The Israel Medical Association yesterday called off sanctions planned in hospitals today, as both doctors and the Finance Ministry resumed negotiations in a bid to end the doctors' eight-week strike.
The IMA announced at a Regional Labor Court hearing yesterday that state-owned hospitals would operate as usual throughout the country today.
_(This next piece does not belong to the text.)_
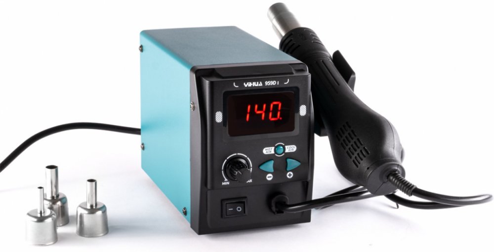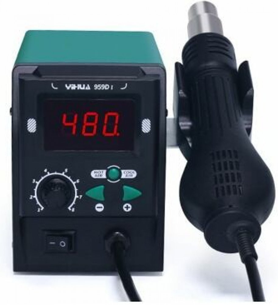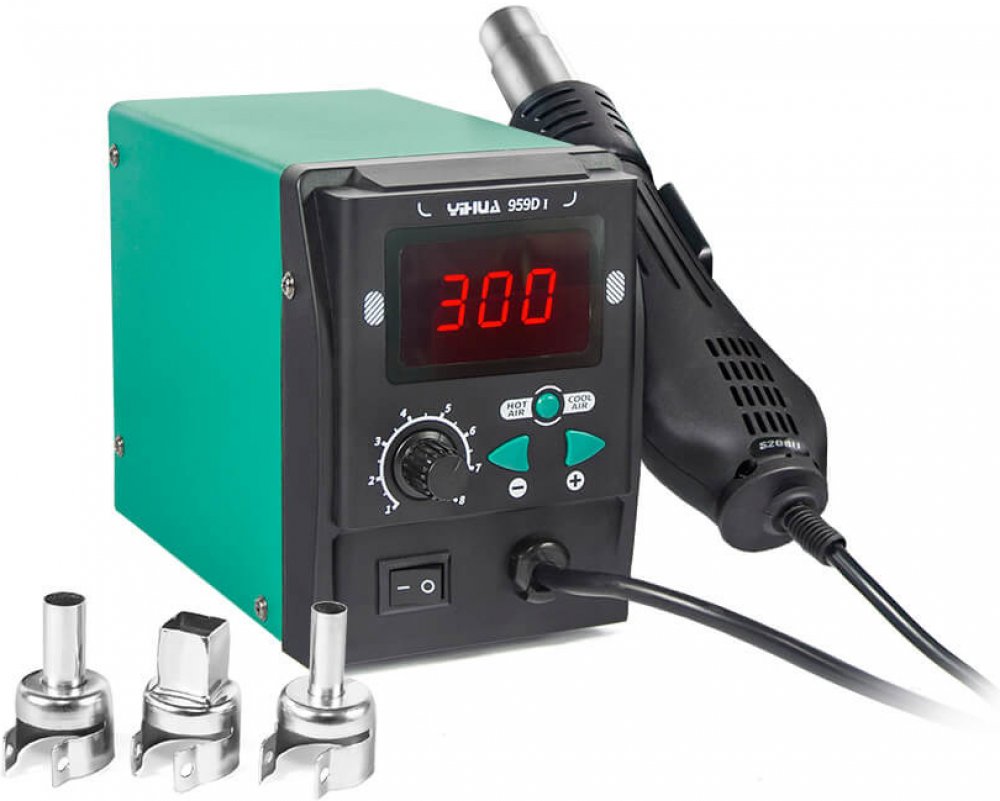 Pájecí stanice Yihua 959D-I je vybavena výkonným topným tělesem zajišťujícím rychlý ohřev a trvanlivost s plynule nastavitelným vzduchem a teplotou. V rukojeti pájedla je namontována vzduchová turbína s vysokým průtokem max. 120 l / min její střídavý motor je tichý a poskytuje stabilní výfuk.. Stanice je navržena pro pájení komponentů, jako jsou SOIC, QFP, PLCC, BGA, SMD a k svařování plastů ..... Stejně jako vytápění, vyhřívaní, smršťovaní bužírek, rozmrazování, rozpouštění lepidla, opalování barev atd...

The association also canceled the overall strike planned for entire days in the coming weeks and said it would exercise restricted sanctions instead.
The IMA's 17,000 doctors launched a strike more than two months ago, demanding a 50 percent pay raise per hour, improving their work terms and increasing doctors' positions.
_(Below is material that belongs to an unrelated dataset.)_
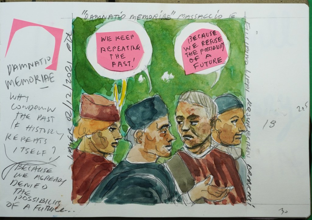 The Brute Resistance Series: “we keep repeating the past!” – “Because we refuse the possibility of a future.” Drawing after Filippino Lippi. PtL.
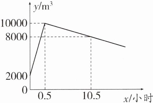 5. 星期天$8:00—8:30$,燃气公司给平安加气站的储气罐注入天然气。在注满储气罐之后,一位工作人员以每车20立方米的加气量,依次给在加气站排队等候的若干辆车匀速加气。储气罐中的储气量$y$(立方米)与时间$x$(小时)的关系如图所示:

The talks between the parties had been deadlocked until yesterday.
The agreement to resume the talks was reached after the Regional Labor Court in Tel Aviv yesterday rejected the state's request to issue back-to-work orders to the doctors.
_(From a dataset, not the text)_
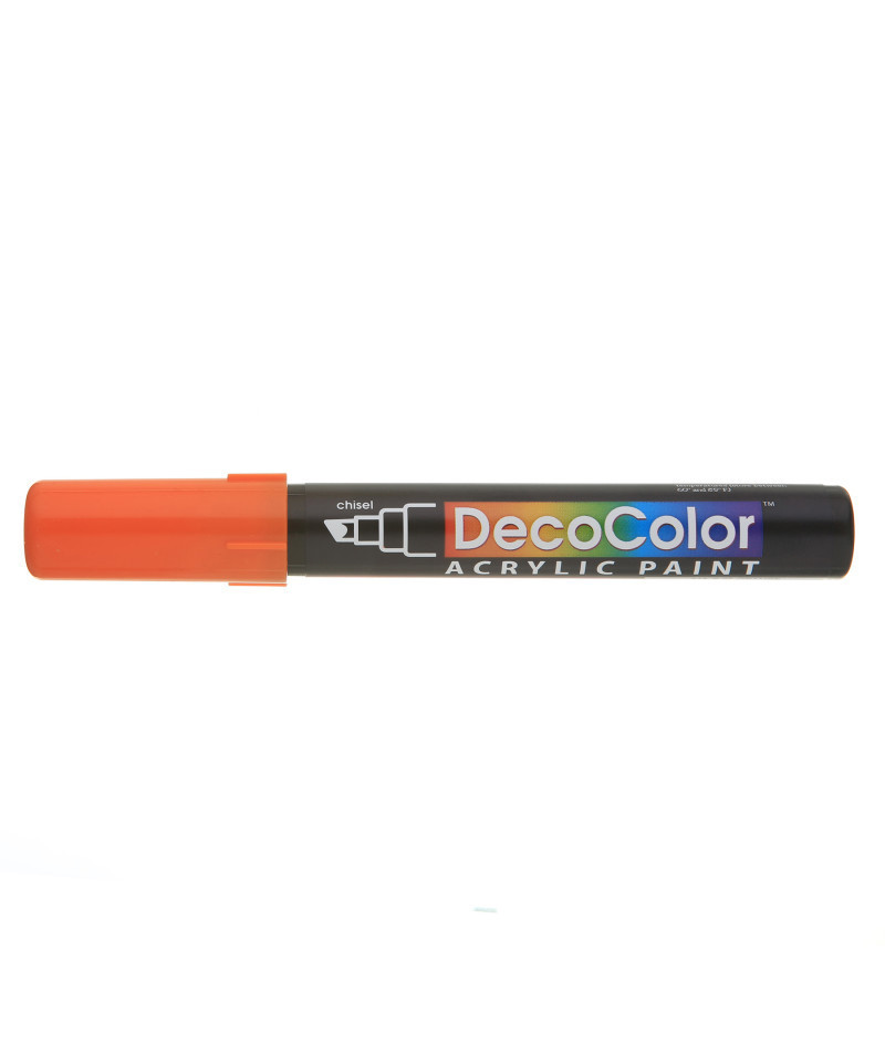 Create bold, versatile strokes with the DecoColor® Acrylic Paint Marker, Chisel Tip, 315-S, Orange by Marvy Uchida®. Designed for smooth application on a wide range of craft and art surfaces, this marker features a 3-way chisel tip that allows artists to produce broad strokes, thin lines, and precise angled marks with a single tool. The opaque, pigmented acrylic paint is acid free, non-toxic, and permanent when dry, making it ideal for both indoor and outdoor projects. It works beautifully on wood, plaster, foam, walls, paper, terra cotta, and other porous or semi-porous surfaces. These markers are an excellent choice for school projects, decorative outdoor crafts like painted flower pots and benches, signage, and general arts-and-crafts creativity. Easy to control and reliable in coverage, the DecoColor® Acrylic Chisel Tip Marker offers strong color payoff and durable performance for students, hobbyists, and creative makers.

The finance and health ministries had petitioned the court to order the IMA to put an immediate stop to the ongoing strike and to halt any planned obstructions in the future.
Court President Michael Spitzer said there was no way to issue back-to-work orders as the doctors' strike was restricted to sanctions.
He also instructed the parties to negotiate, among other things, doctors' positions, a clause the Finance Ministry had refused to discuss. The number of doctors' positions was last set in the 1977 wage agreement with the IMA.
Following the hearing, the doctors will strike only until 10 A.M. on Sunday. On Monday, outpatient clinics in certain hospitals will shut down (Sheba, Meir, Beilinson, Schneider Children's Medical Center, Hasharon, Hillel Yaffeh, Rambam, Bnei Zion, Carmel, Haemek, Poriya, Sieff and Nahariya ). Next Thursday, outclinics in other hospitals will be closed (Ichilov, Assaf Harofeh, Wolfson, Barzilai, Kaplan, Soroka, Yoseftal, Bikur Holim, Hadassah Ein Kerem, Hadassah Mt. Scopus and Shaare Zedek ). On June 12, doctors will strike only until 10 A.M., and later in the week outclinics will shut down in different hospitals each day.
"We're optimistic and hope the state has realized the doctors have a right to strike," the IMA said yesterday. "We are pleased the court understood the essence of the dispute and the need for both sides to enter negotiations willingly."
The state's representative said the treasury was willing to improve the doctors' terms if they agree to use a time clock. The IMA has refused to comment officially on this proposal so far, but has reportedly agreed to it in exchange for certain benefits.
The Finance Ministry said, "The state took the matter to court with the intention of reducing the harm that the doctors' sanctions caused the public. We expect the IMA to conduct the talks in a businesslike manner, renounce the across-the-board pay raise and start talking about implementing a time clock."